The Explainable AI program (?) aims to create a suite of machine learning techniques that: a) Produce more explainable models, while maintaining a high level of prediction accuracy. b) Enable human users to understand, appropriately trust, and effectively manage the emerging generation of artificially intelligent partners. Inductive Logic Programming (ILP) (?) is one Machine Learning technique where the learned model is in the form of logic programming rules (Horn Clauses) that are comprehensible to humans. It allows the background knowledge to be incrementally extended without requiring the entire model to be re-learned. Meanwhile, the comprehensibility of symbolic rules makes it easier for users to understand and verify induced models and refine them.
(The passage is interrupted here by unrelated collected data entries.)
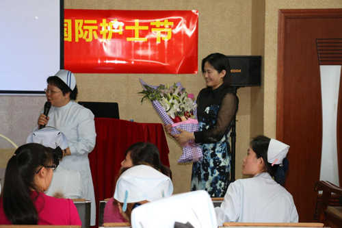 护士们被蔡蕴敏女士的先进事迹感动为其送上鲜花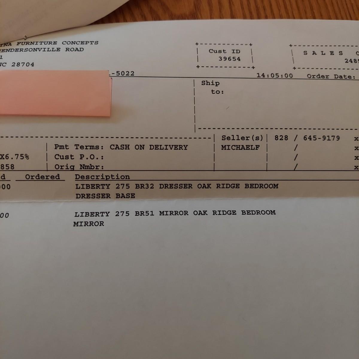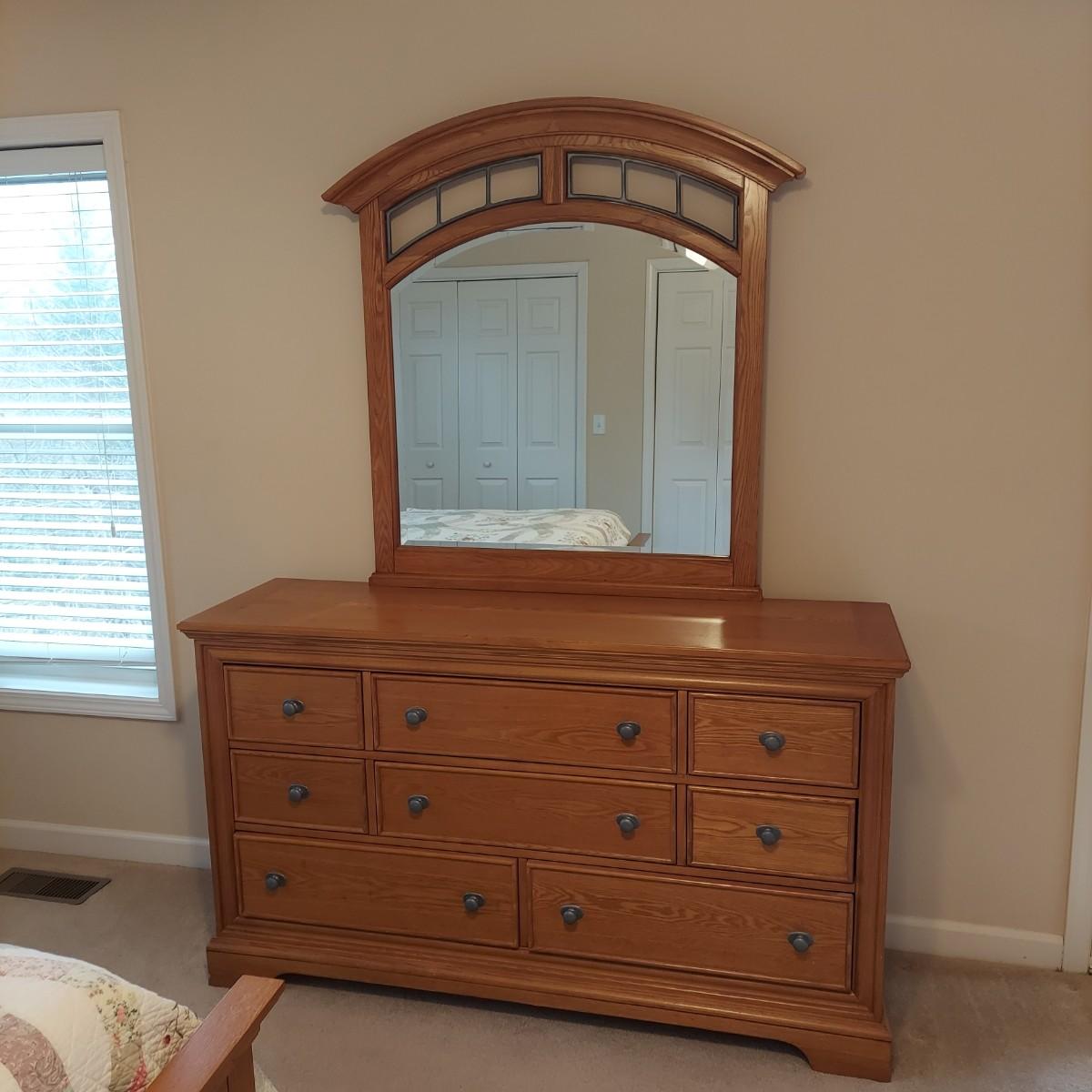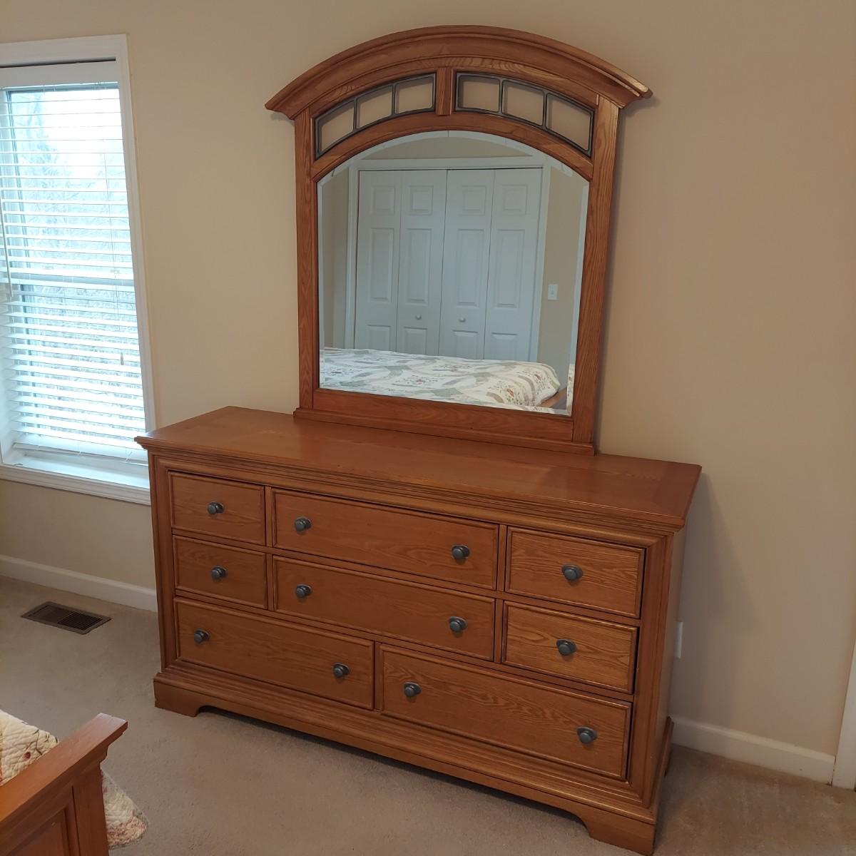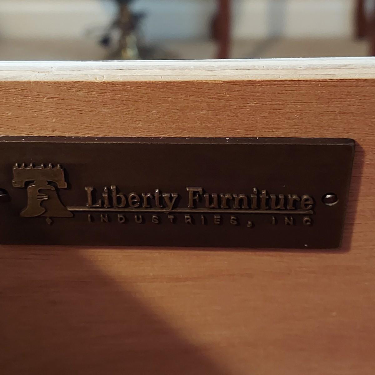 Liberty Furniture Industries Inc brand dresser with mirror in Oak Ridge style. Dresser measures 62” x 18” x 36"H. Mirror measures 44” x 45"H. Mirror is mounted to dresser with hex bolts. Buyer will need to bring the appropriate tools to dismantle. Please see photos for details. There is a matching Queen bed for sale in another lot. The photos of receipts are shown for info. They are not included for buyer. This piece is located on the ground floor. It will need to be moved down the six front steps from the porch to the sidewalk. Local Pickup Only. Winning bidder must bring assistance to help move and load this item due to its weight and/or size.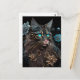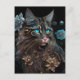 Magic steampunk Maine Coon cat and flowers AI art Postcard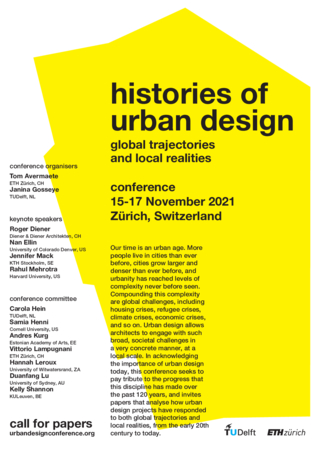 “From 15-17 November 2021, the ETH Zürich Department of Architecture will host the conference ‘Histories of Urban Design: Global Trajectories and Local Realities’. This conference is organised jointly with the TUDelft Department of Architecture.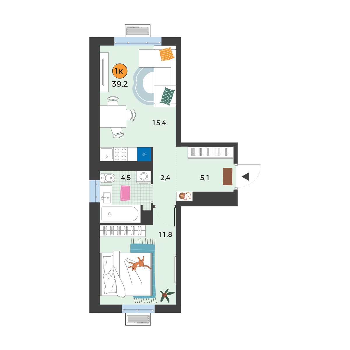 - Площадь39.2 м2

The ILP learning problem can be regarded as a search problem for a set of clauses that deduce the training examples. The search is performed either top down or bottom-up. A bottom-up approach builds most-specific clauses from the training examples and searches the hypothesis space by using generalization. This approach is not applicable to large-scale datasets, nor it can incorporate negation-as-failure into the hypotheses. A survey of bottom-up ILP systems and their shortcomings can be found at (?). In contrast, top-down approach starts with the most general clause and then specializes it. A top-down algorithm guided by heuristics is better suited for large-scale and/or noisy datasets (?).

Learning To Rank (LTR) or Machine Learned Ranking (MLR) is a classical machine learning application that has been widely used in information retrieval systems, recommendation systems, and search engines. The training data for LTR is a set of items with explicit or implicit partial order specified between items. The goal of training a LTR model is to rank new items in the similar pattern from the training data. In practice, the LTR model retrieves a list of documents based on a given query. Generally, there are three approaches to build the LTR model: 1) Pointwise approach which assumes that each query-document pair has a numerical score. In this case, the LTR problem can be approximated by a regression problem. 2) Pairwise approach which employs binary classifiers to predict which is better in a given pair of documents based on the query. 3). Listwise approach which aim to optimize the result list directly based on the evaluation metrics.

The FOIL algorithm by Quinlan is a popular top-down inductive logic programming algorithm that learns a logic program. The FOLD algorithm by Shakerin et al is a novel top-down algorithm that learns default rules along with exception(s) that closely model human thinking, as explained by (?). It first learns default predicates that cover positive examples while avoiding covering negative examples. Then it swaps the covered positive examples and negative examples and calls itself recursively to learn the exception to the default. It repeats this process to learn exceptions to exceptions, exceptions to exceptions to exceptions, and so on. The FOLD-R++ algorithm by (?) is a new scalable ILP algorithm that builds upon the FOLD algorithm to deal with the efficiency and scalability issues of the FOLD and FOIL algorithms. It introduces the prefix sum computation and other optimizations to speed up the learning process while providing human-friendly explanation for its prediction.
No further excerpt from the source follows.